=== WORK REQUEST ===
Where a picture appears, skip it and copy everything else in the listing exactly.

=== STORED DATA ===

● ● ●

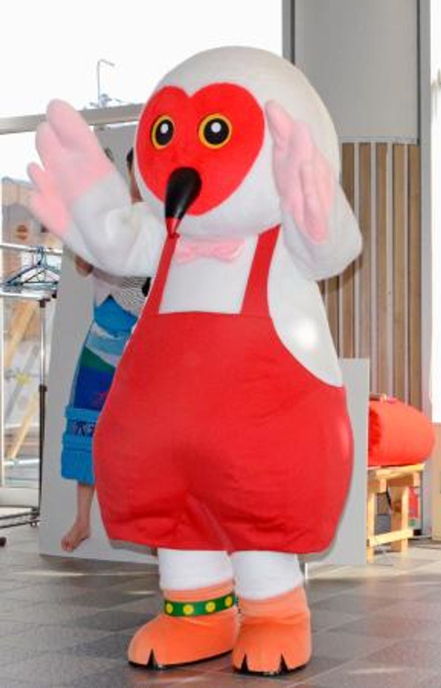 トキ次郎の顔はトキの特徴であるハート形の赤色模様。両手を羽ばたかせると集まった住民から「かわいい」と歓声が上がった。能登トキファンクラブの宮下源一郎会長(77)は「自由闊達で元気に育ってほしいと名付けた。能登が元気になるよう頑張るので、いつでも呼んでほしい」と話した。
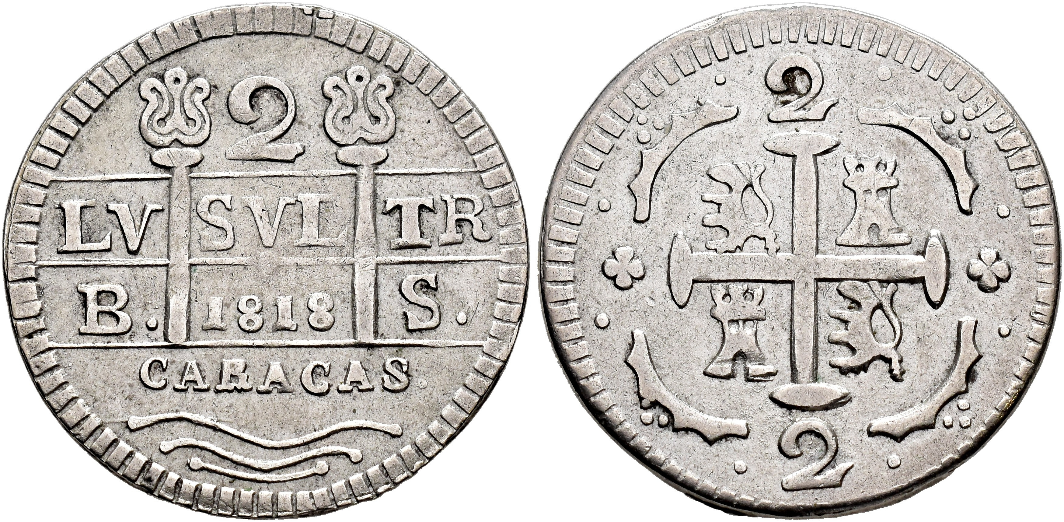 MONEDA EXTRANJERA. VENEZUELA. 2 reales. 1818. Caracas. BS. AR 4,95 g. 23,6 mm. VI-611. MBC.
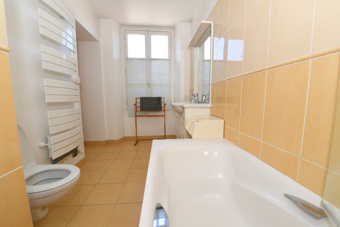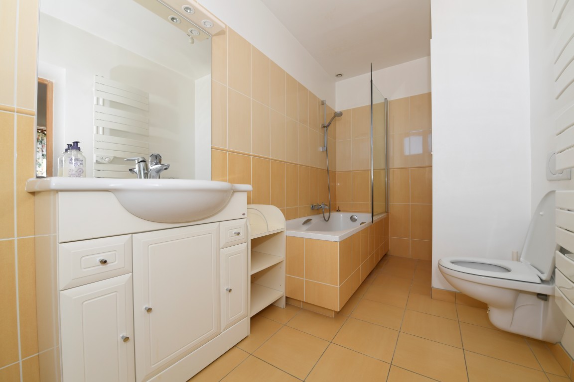 The en-suite bathroom has a washbasin, a bathtub with shower and private toilets.
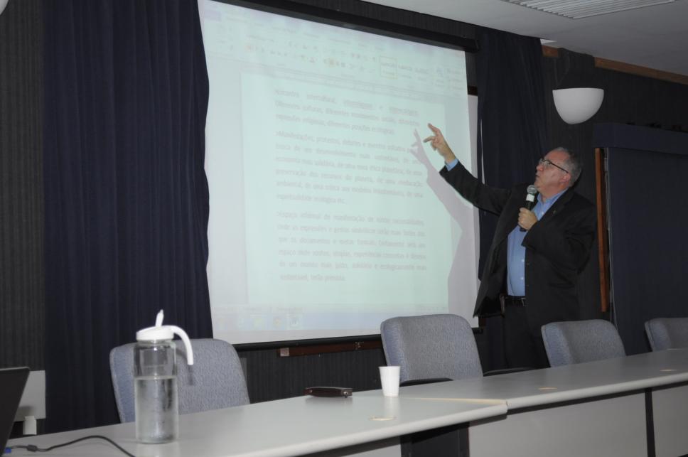 O Reitor Padre Josafá S.J. durante a palestra na mesa "Rio + 20: desafios e esperanças".

● ● ●

=== EXERCISE RESULT ===
 トキ次郎の顔はトキの特徴であるハート形の赤色模様。両手を羽ばたかせると集まった住民から「かわいい」と歓声が上がった。能登トキファンクラブの宮下源一郎会長(77)は「自由闊達で元気に育ってほしいと名付けた。能登が元気になるよう頑張るので、いつでも呼んでほしい」と話した。
 MONEDA EXTRANJERA. VENEZUELA. 2 reales. 1818. Caracas. BS. AR 4,95 g. 23,6 mm. VI-611. MBC.
 The en-suite bathroom has a washbasin, a bathtub with shower and private toilets.
 O Reitor Padre Josafá S.J. durante a palestra na mesa "Rio + 20: desafios e esperanças".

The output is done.